Work order — Repeat the listing exactly. The images do not belong in the copy.

Data —
====================

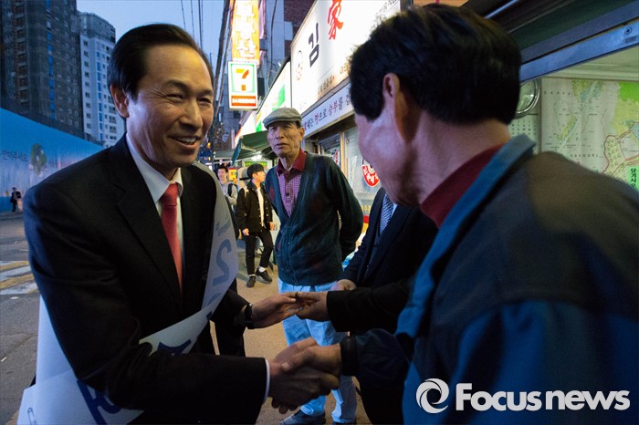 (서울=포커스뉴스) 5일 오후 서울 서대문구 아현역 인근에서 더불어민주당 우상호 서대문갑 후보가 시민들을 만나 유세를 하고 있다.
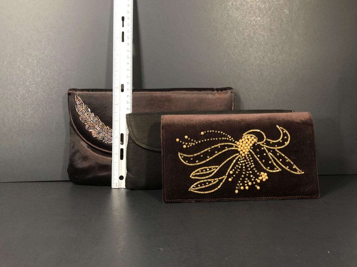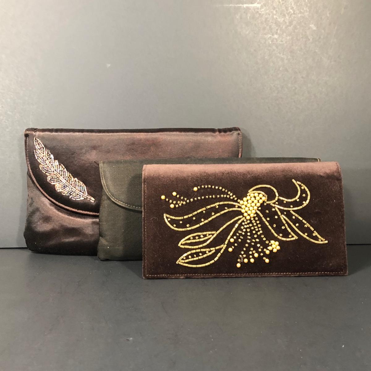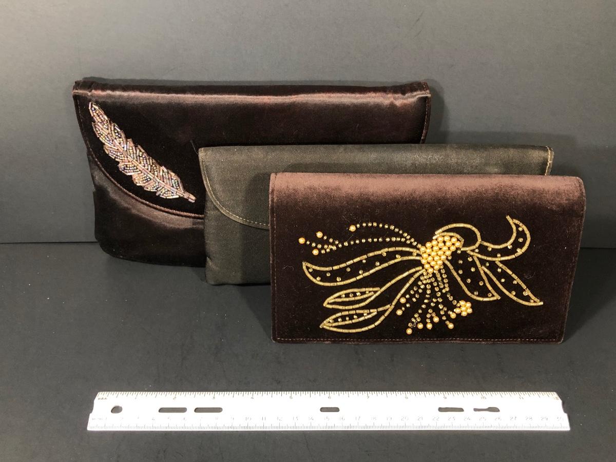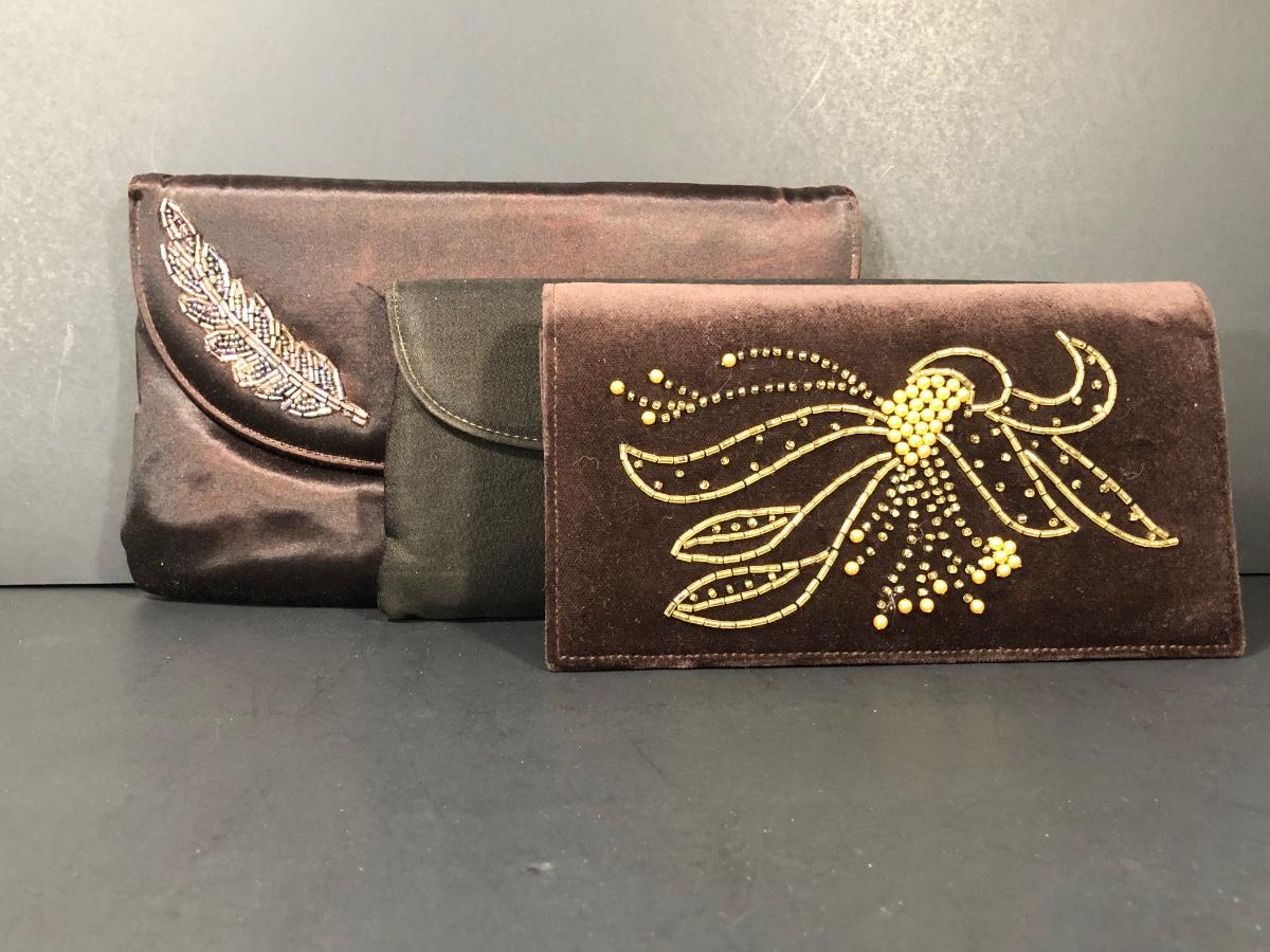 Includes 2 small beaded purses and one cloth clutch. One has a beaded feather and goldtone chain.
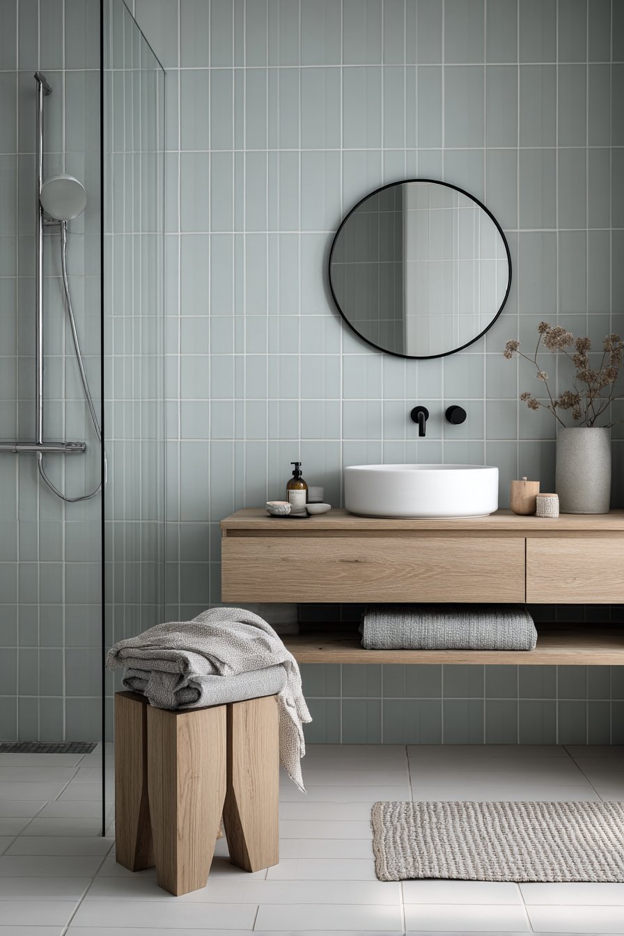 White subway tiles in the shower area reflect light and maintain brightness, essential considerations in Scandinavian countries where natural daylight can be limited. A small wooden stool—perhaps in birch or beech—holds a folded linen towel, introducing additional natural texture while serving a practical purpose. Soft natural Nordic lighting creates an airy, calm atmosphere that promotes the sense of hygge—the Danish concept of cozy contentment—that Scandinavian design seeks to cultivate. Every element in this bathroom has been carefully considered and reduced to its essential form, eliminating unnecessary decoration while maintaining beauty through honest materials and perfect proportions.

====================

Answer section —
 (서울=포커스뉴스) 5일 오후 서울 서대문구 아현역 인근에서 더불어민주당 우상호 서대문갑 후보가 시민들을 만나 유세를 하고 있다.
 Includes 2 small beaded purses and one cloth clutch. One has a beaded feather and goldtone chain.
 White subway tiles in the shower area reflect light and maintain brightness, essential considerations in Scandinavian countries where natural daylight can be limited. A small wooden stool—perhaps in birch or beech—holds a folded linen towel, introducing additional natural texture while serving a practical purpose. Soft natural Nordic lighting creates an airy, calm atmosphere that promotes the sense of hygge—the Danish concept of cozy contentment—that Scandinavian design seeks to cultivate. Every element in this bathroom has been carefully considered and reduced to its essential form, eliminating unnecessary decoration while maintaining beauty through honest materials and perfect proportions.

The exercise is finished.